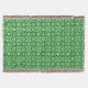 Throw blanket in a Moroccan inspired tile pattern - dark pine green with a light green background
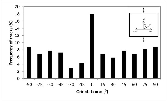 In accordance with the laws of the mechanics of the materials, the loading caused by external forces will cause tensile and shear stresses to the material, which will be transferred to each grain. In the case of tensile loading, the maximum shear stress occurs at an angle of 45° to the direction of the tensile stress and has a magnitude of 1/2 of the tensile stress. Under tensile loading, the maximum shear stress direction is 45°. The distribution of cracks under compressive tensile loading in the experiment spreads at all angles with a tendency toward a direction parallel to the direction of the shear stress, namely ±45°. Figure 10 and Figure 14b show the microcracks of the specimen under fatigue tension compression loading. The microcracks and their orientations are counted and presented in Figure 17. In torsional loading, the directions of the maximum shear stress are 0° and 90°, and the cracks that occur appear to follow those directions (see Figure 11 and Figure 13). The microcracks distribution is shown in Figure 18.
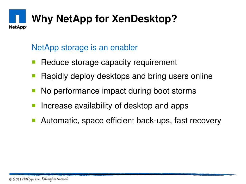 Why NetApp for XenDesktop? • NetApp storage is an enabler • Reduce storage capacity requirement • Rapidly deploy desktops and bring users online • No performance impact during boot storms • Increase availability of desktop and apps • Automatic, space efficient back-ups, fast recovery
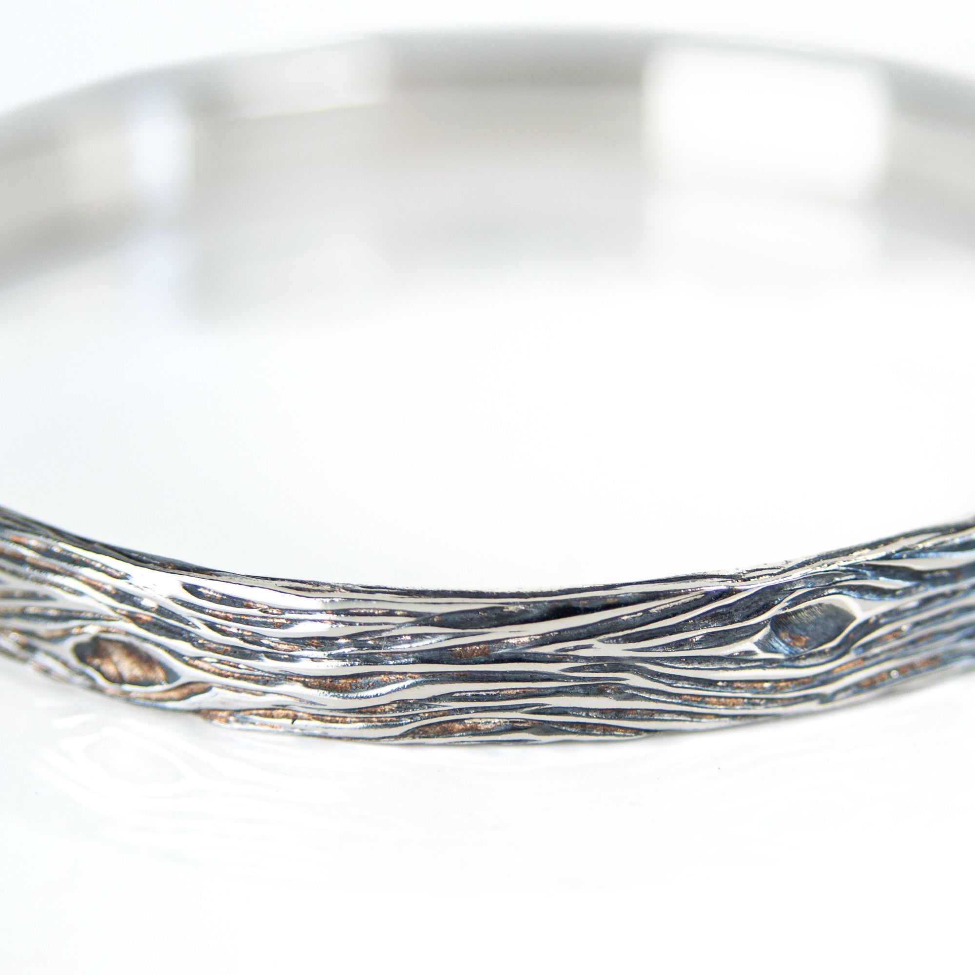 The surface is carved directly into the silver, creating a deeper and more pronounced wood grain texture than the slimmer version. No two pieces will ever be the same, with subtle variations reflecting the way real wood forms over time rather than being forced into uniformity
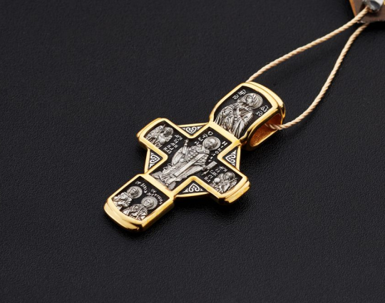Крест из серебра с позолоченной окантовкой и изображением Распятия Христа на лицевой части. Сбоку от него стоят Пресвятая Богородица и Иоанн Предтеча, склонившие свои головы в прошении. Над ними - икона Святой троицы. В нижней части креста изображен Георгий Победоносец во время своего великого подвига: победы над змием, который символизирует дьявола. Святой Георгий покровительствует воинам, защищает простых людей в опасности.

********************

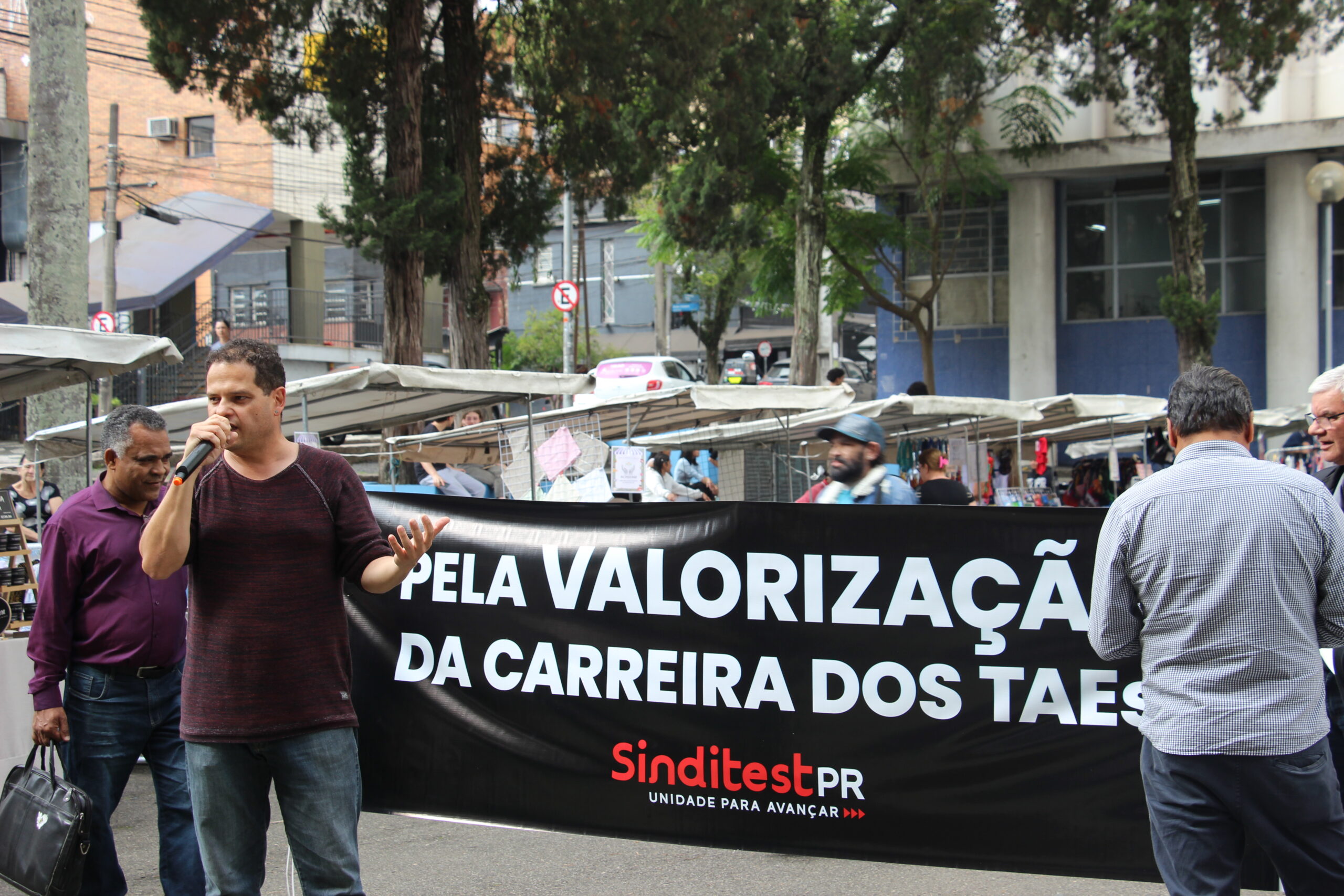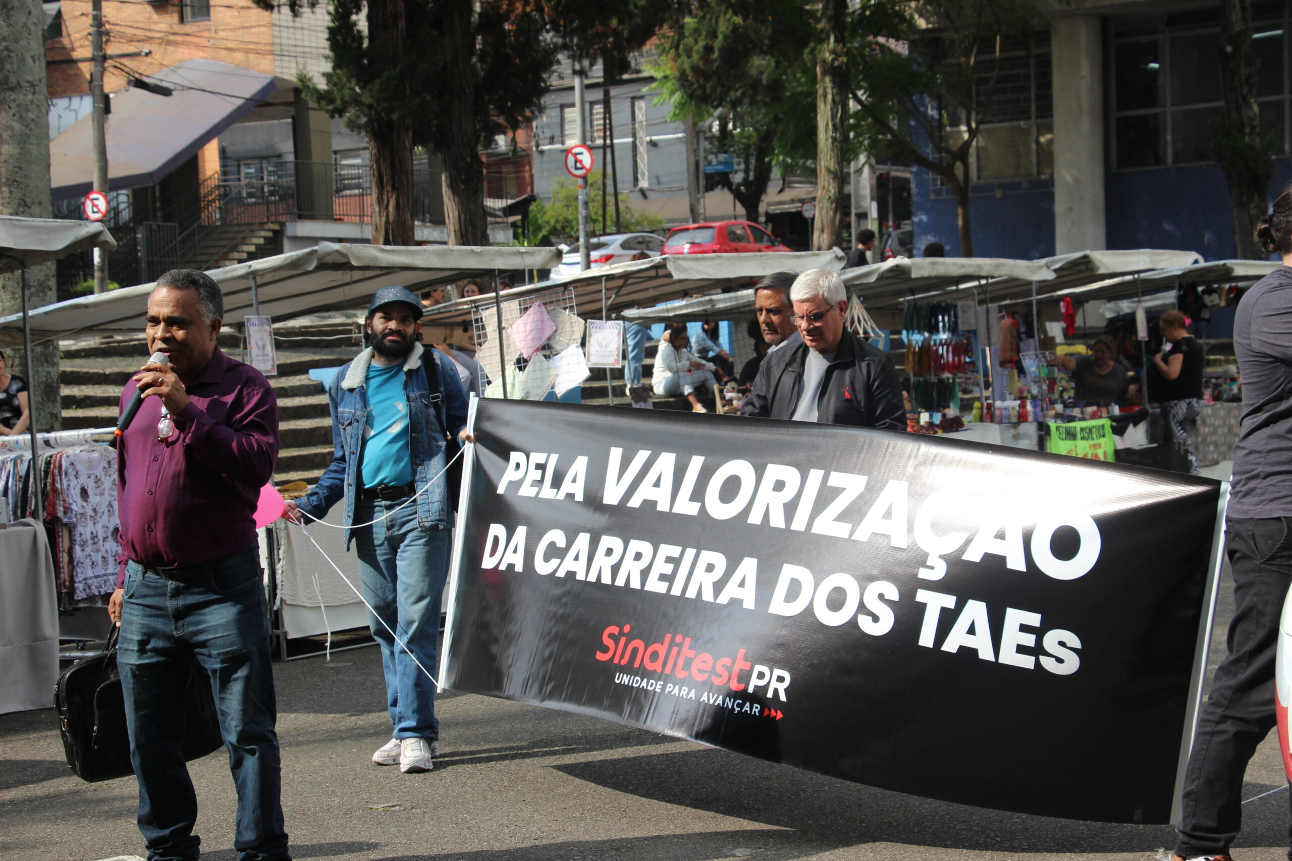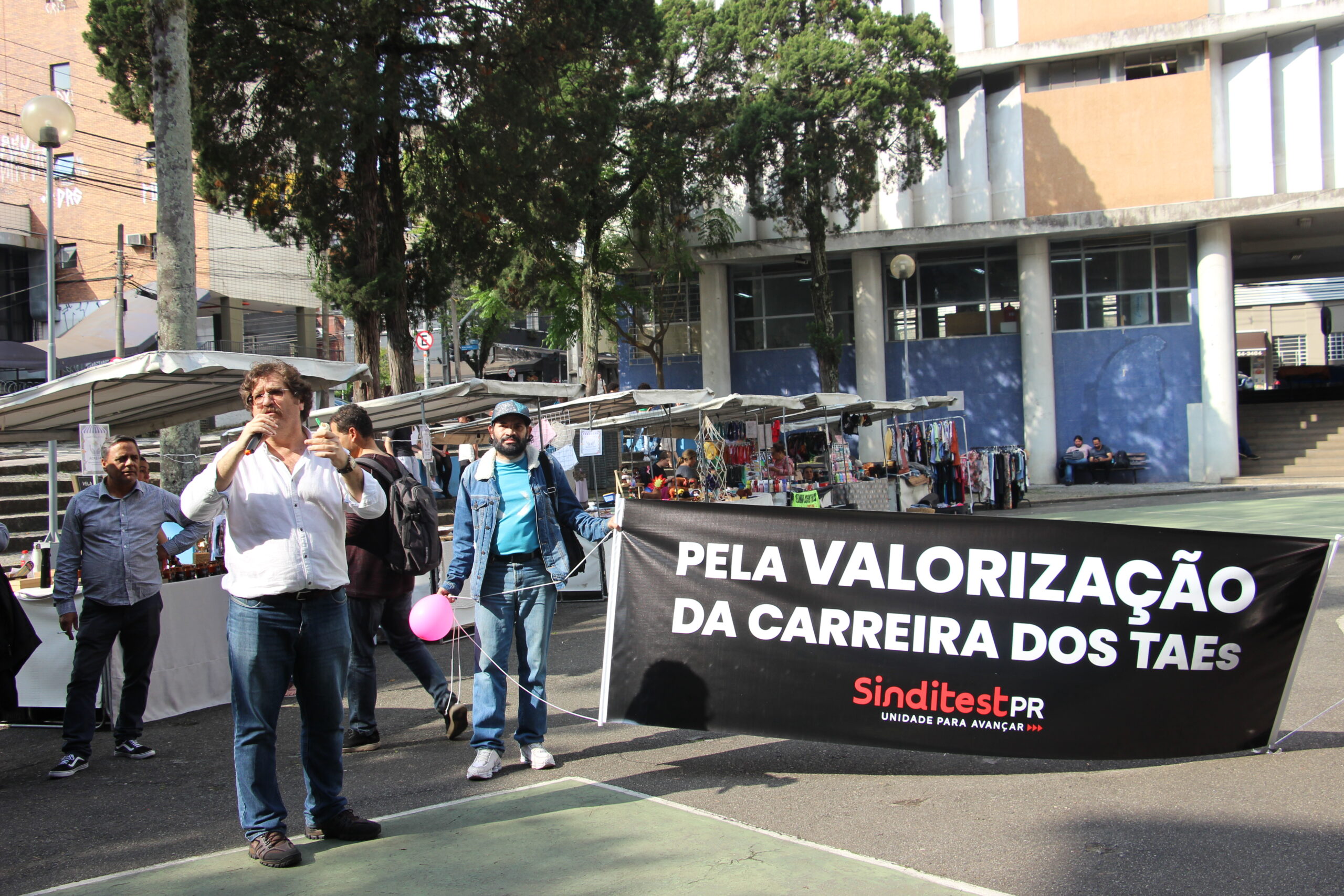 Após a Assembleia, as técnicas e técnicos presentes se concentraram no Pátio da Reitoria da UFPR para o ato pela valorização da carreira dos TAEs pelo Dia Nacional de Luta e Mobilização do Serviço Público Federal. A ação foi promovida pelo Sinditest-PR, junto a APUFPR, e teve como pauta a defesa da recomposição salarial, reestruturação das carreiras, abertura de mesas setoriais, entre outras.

********************

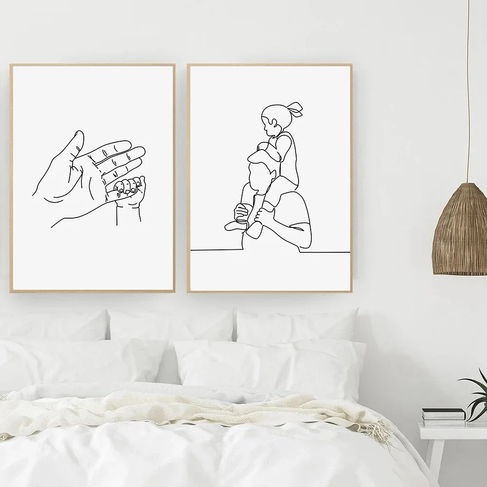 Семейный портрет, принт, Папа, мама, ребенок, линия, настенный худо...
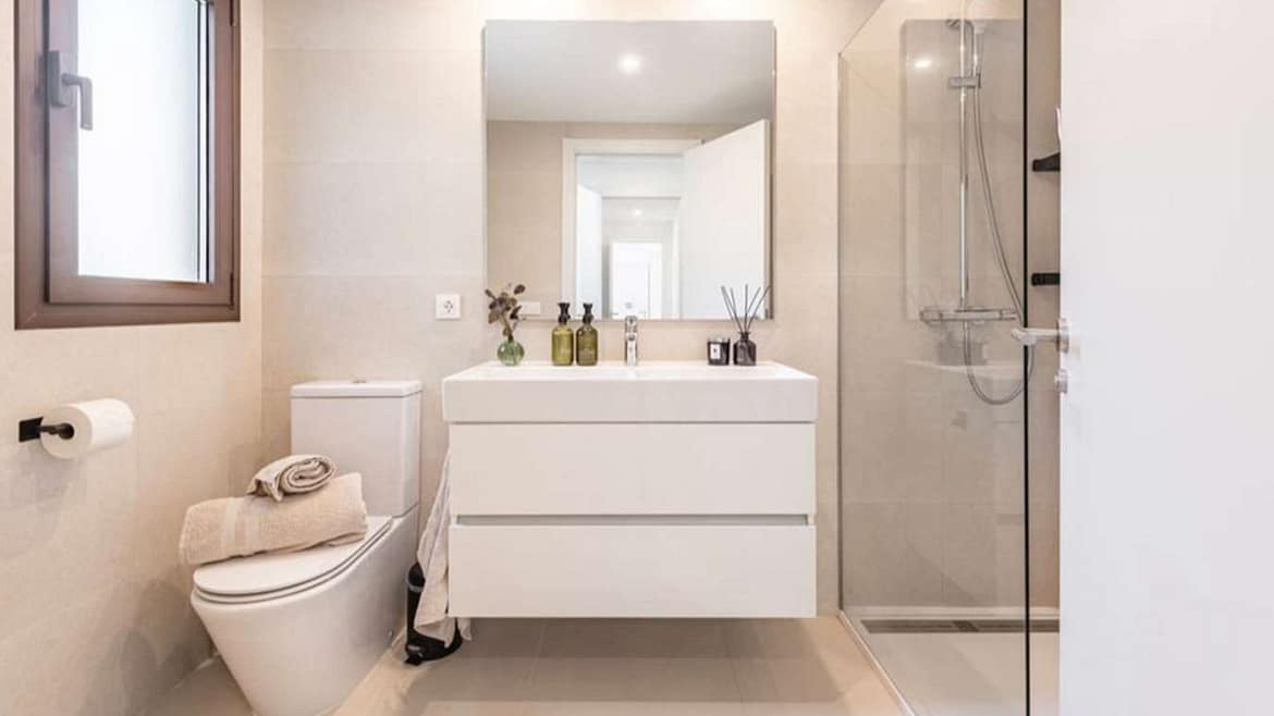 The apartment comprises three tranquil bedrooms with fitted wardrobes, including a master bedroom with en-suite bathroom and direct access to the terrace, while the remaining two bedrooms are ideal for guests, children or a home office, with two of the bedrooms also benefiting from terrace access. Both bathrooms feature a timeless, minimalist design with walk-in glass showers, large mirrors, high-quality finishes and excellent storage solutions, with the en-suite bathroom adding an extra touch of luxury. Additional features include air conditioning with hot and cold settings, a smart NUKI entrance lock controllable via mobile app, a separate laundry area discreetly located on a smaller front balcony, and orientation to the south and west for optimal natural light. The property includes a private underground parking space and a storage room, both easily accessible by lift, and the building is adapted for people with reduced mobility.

********************

• _TO DO_
Go back to the lines above and output, exactly as they stand, the ones from the line containing "Throw blanket in" to the line containing "The surface is". Leave all pictures behind.

• _EXERCISE RESULT_
 Throw blanket in a Moroccan inspired tile pattern - dark pine green with a light green background
 In accordance with the laws of the mechanics of the materials, the loading caused by external forces will cause tensile and shear stresses to the material, which will be transferred to each grain. In the case of tensile loading, the maximum shear stress occurs at an angle of 45° to the direction of the tensile stress and has a magnitude of 1/2 of the tensile stress. Under tensile loading, the maximum shear stress direction is 45°. The distribution of cracks under compressive tensile loading in the experiment spreads at all angles with a tendency toward a direction parallel to the direction of the shear stress, namely ±45°. Figure 10 and Figure 14b show the microcracks of the specimen under fatigue tension compression loading. The microcracks and their orientations are counted and presented in Figure 17. In torsional loading, the directions of the maximum shear stress are 0° and 90°, and the cracks that occur appear to follow those directions (see Figure 11 and Figure 13). The microcracks distribution is shown in Figure 18.
 Why NetApp for XenDesktop? • NetApp storage is an enabler • Reduce storage capacity requirement • Rapidly deploy desktops and bring users online • No performance impact during boot storms • Increase availability of desktop and apps • Automatic, space efficient back-ups, fast recovery
 The surface is carved directly into the silver, creating a deeper and more pronounced wood grain texture than the slimmer version. No two pieces will ever be the same, with subtle variations reflecting the way real wood forms over time rather than being forced into uniformity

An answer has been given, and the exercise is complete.